■ **Instructions to follow**:
Transcribe the full listing exactly, and drop every picture.

________

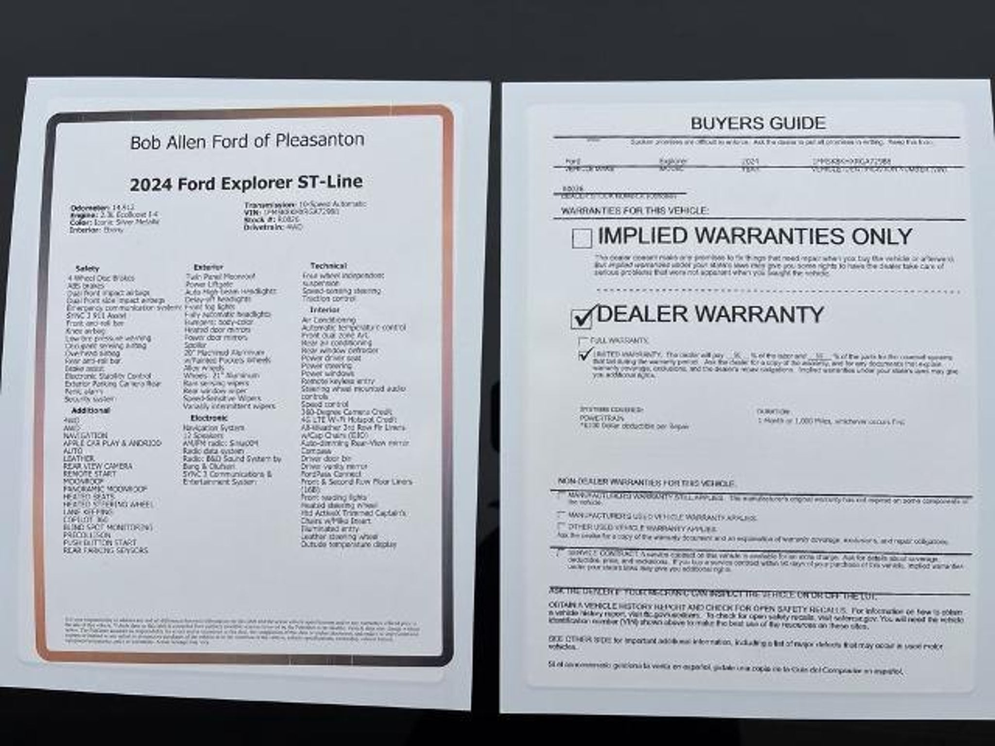 Experience the thrill and versatility of the 2024 Ford Explorer AWD ST-Line. This SUV features a powerful EcoBoost 2.3L Turbo I4 engine paired with a 10-speed shiftable automatic transmission and advanced all-wheel drive for superior performance in any condition. Stand out with 21-inch aluminum wheels and a bold ST-Line design. Enjoy a suite of modern tech, including an 8-inch touchscreen with SYNC infotainment, Apple CarPlay and Android Auto, FordPass Connect with smart device app compatibility, and Amazon Alexa integration. Safety is paramount with adaptive cruise control, lane keeping assist, front automatic emergency braking, blind spot monitoring, and a surround view camera system. Comfort features include heated front seats, a heated steering wheel, dual-zone automatic climate control, and a power-operated rear liftgate. The spacious interior offers third-row seating with versatile folding options, perfect for families or extra cargo. Don't miss out on this feature-packed Explorer-schedule your test drive today! Call us at (913) 352-8521 to schedule your test drive on this 2024 Ford Explorer ST-Line. From the comfort of your home you can shop, get pricing, and trade value. We will deliver your vehicle and paperwork.
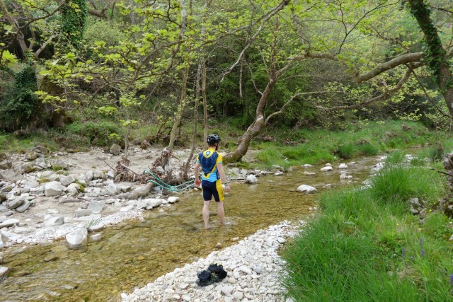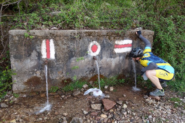 An einem Bach mit glasklarem Wasser erfrischen wir uns kurz, dann geht es weiter den Berg hinauf.
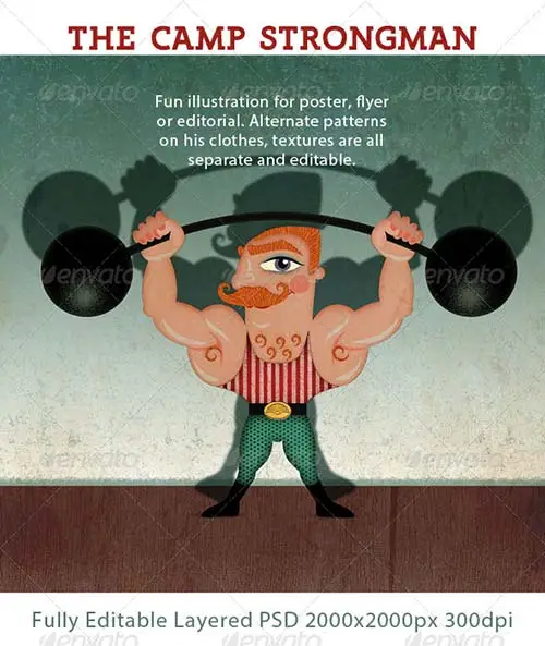 A humorous retro-style illustration of a Strongman displaying himself on stage. The PSD file has many layers with all elements and textures that you see in this preview separated. There are a few choices of patterns.
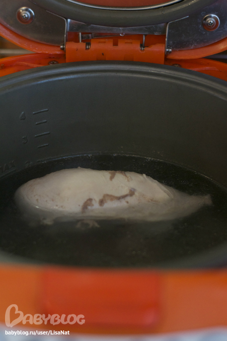 Когда овощи готовы, разбиваем их блендером, добавляем бульона до желаемой консистенции, режем курочку, зелень,
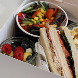 Sandwich Club tostado de pollo, bacon, espinacas y tomate (12 unidades)
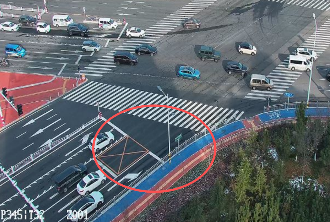 ②交叉口次外侧及左侧临近进口道(第三、四车道)停止线后移+醒目黄色网状线,通过扩大右转车辆与左侧非机动车、行人之间的相互观察条件,消除了视觉盲区,从空间上保障了路口通行安全。
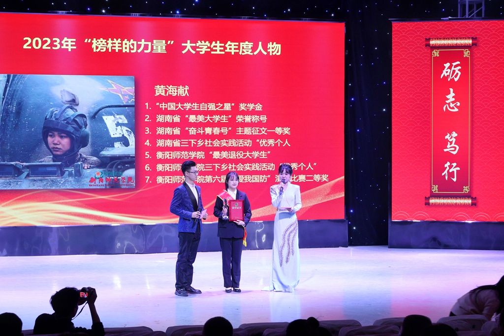 主持人宣读2023年“榜样的力量”大学生年度人物”与 “第十八届“芙蓉学子·榜样力量”优秀大学生获奖名单,与会领导和嘉宾分别为其颁奖。
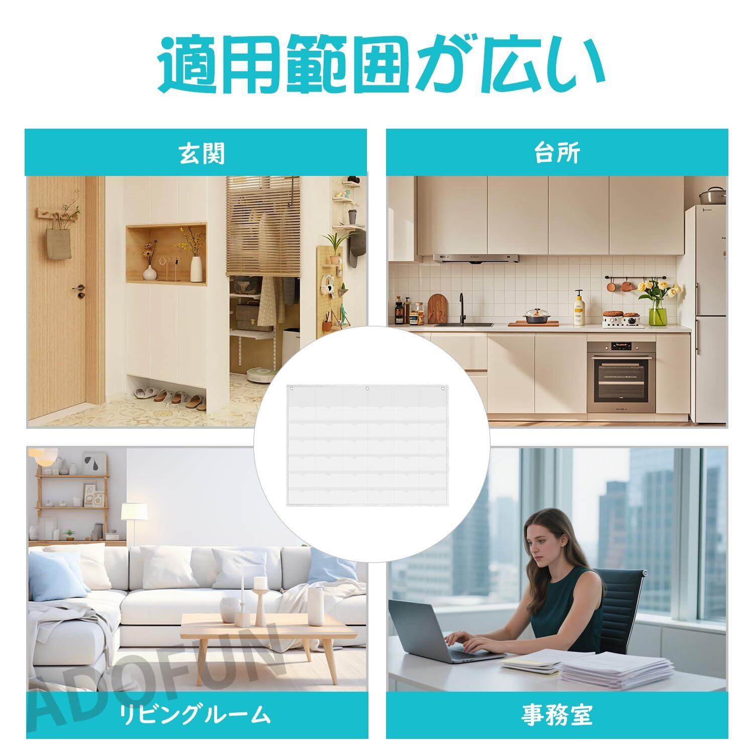 【マルチユース対応】壁掛け収納ポケットは玄関戸後ろ、クローゼット、オフィス壁面など多様なシーンに対応。バッジ、写真、カード、小物類をスムーズに収納し、散らかりを一掃してお部屋をすっきり保てます。

________

■ **Answer box**:
 Experience the thrill and versatility of the 2024 Ford Explorer AWD ST-Line. This SUV features a powerful EcoBoost 2.3L Turbo I4 engine paired with a 10-speed shiftable automatic transmission and advanced all-wheel drive for superior performance in any condition. Stand out with 21-inch aluminum wheels and a bold ST-Line design. Enjoy a suite of modern tech, including an 8-inch touchscreen with SYNC infotainment, Apple CarPlay and Android Auto, FordPass Connect with smart device app compatibility, and Amazon Alexa integration. Safety is paramount with adaptive cruise control, lane keeping assist, front automatic emergency braking, blind spot monitoring, and a surround view camera system. Comfort features include heated front seats, a heated steering wheel, dual-zone automatic climate control, and a power-operated rear liftgate. The spacious interior offers third-row seating with versatile folding options, perfect for families or extra cargo. Don't miss out on this feature-packed Explorer-schedule your test drive today! Call us at (913) 352-8521 to schedule your test drive on this 2024 Ford Explorer ST-Line. From the comfort of your home you can shop, get pricing, and trade value. We will deliver your vehicle and paperwork.
 An einem Bach mit glasklarem Wasser erfrischen wir uns kurz, dann geht es weiter den Berg hinauf.
 A humorous retro-style illustration of a Strongman displaying himself on stage. The PSD file has many layers with all elements and textures that you see in this preview separated. There are a few choices of patterns.
 Когда овощи готовы, разбиваем их блендером, добавляем бульона до желаемой консистенции, режем курочку, зелень,
 Sandwich Club tostado de pollo, bacon, espinacas y tomate (12 unidades)
 ②交叉口次外侧及左侧临近进口道(第三、四车道)停止线后移+醒目黄色网状线,通过扩大右转车辆与左侧非机动车、行人之间的相互观察条件,消除了视觉盲区,从空间上保障了路口通行安全。
 主持人宣读2023年“榜样的力量”大学生年度人物”与 “第十八届“芙蓉学子·榜样力量”优秀大学生获奖名单,与会领导和嘉宾分别为其颁奖。
 【マルチユース対応】壁掛け収納ポケットは玄関戸後ろ、クローゼット、オフィス壁面など多様なシーンに対応。バッジ、写真、カード、小物類をスムーズに収納し、散らかりを一掃してお部屋をすっきり保てます。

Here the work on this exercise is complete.